Recorded information.
* * *

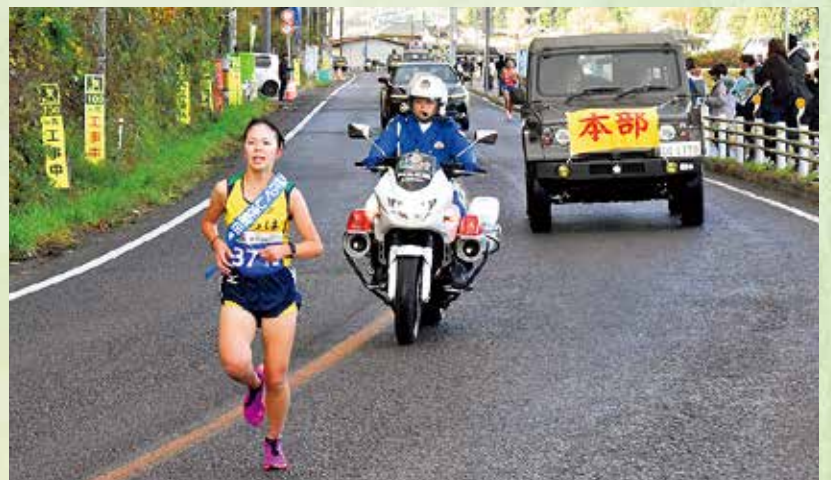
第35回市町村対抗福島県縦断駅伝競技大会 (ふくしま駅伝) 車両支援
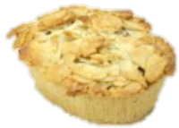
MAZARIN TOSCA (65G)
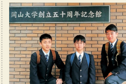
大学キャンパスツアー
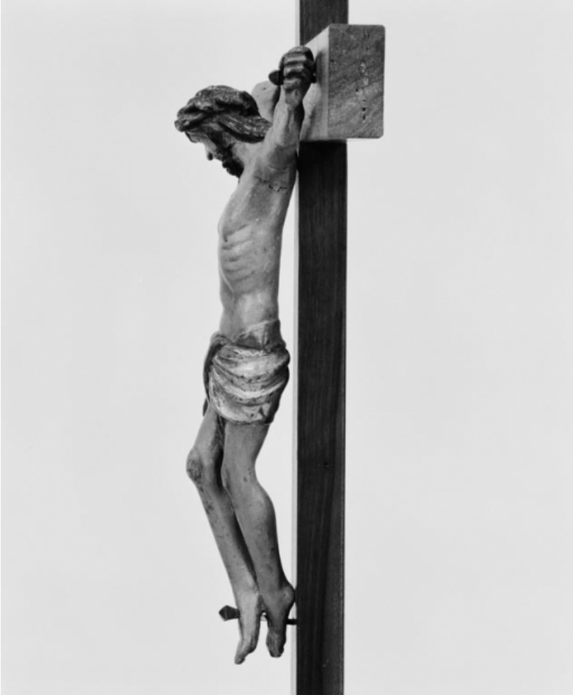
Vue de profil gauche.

* * *

The problem. Return the material above in exact form. Pictures stay out.

Solution.
第35回市町村対抗福島県縦断駅伝競技大会 (ふくしま駅伝) 車両支援
MAZARIN TOSCA (65G)
大学キャンパスツアー
Vue de profil gauche.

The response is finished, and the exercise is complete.